(Provided data begins)

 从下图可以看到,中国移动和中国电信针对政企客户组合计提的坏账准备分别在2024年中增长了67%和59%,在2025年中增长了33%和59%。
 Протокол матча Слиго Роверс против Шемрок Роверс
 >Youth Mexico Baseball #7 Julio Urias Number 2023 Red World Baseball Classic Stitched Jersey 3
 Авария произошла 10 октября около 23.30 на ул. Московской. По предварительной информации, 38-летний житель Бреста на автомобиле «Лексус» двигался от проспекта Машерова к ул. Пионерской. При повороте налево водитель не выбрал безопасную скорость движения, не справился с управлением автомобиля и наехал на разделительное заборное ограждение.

(Provided data ends)
(Provided data begins)

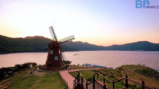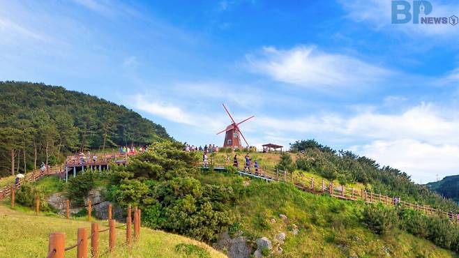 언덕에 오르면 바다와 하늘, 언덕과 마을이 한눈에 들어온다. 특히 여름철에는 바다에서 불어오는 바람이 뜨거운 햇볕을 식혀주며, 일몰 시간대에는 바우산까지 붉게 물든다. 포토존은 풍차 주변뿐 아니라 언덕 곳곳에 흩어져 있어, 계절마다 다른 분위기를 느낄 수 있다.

(Provided data ends)
(Provided data begins)

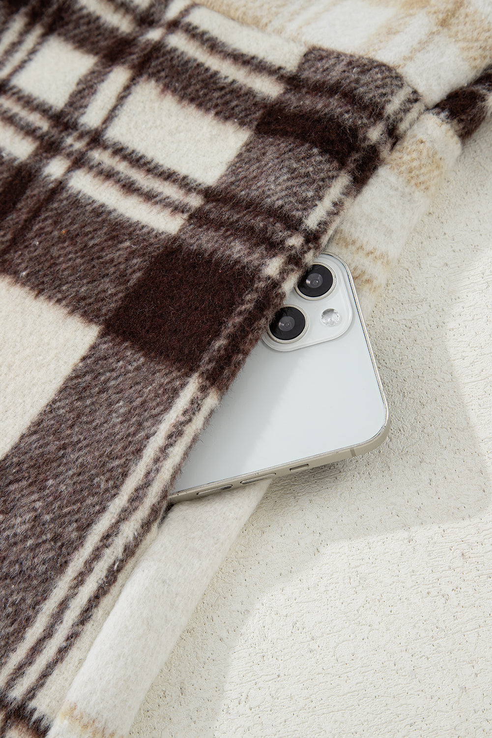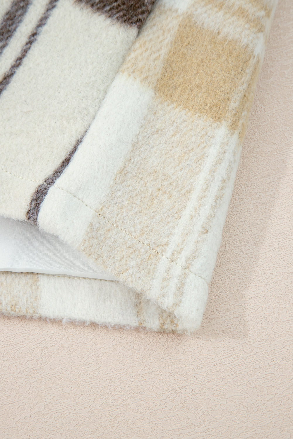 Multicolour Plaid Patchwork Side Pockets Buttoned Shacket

(Provided data ends)

From the data above, output only the lines between the line containing "从下图可以看到,中国移动和中" and the line containing "Stitched Jersey 3", inclusive, exactly as written.

**Answer space:**
 从下图可以看到,中国移动和中国电信针对政企客户组合计提的坏账准备分别在2024年中增长了67%和59%,在2025年中增长了33%和59%。
 Протокол матча Слиго Роверс против Шемрок Роверс
 >Youth Mexico Baseball #7 Julio Urias Number 2023 Red World Baseball Classic Stitched Jersey 3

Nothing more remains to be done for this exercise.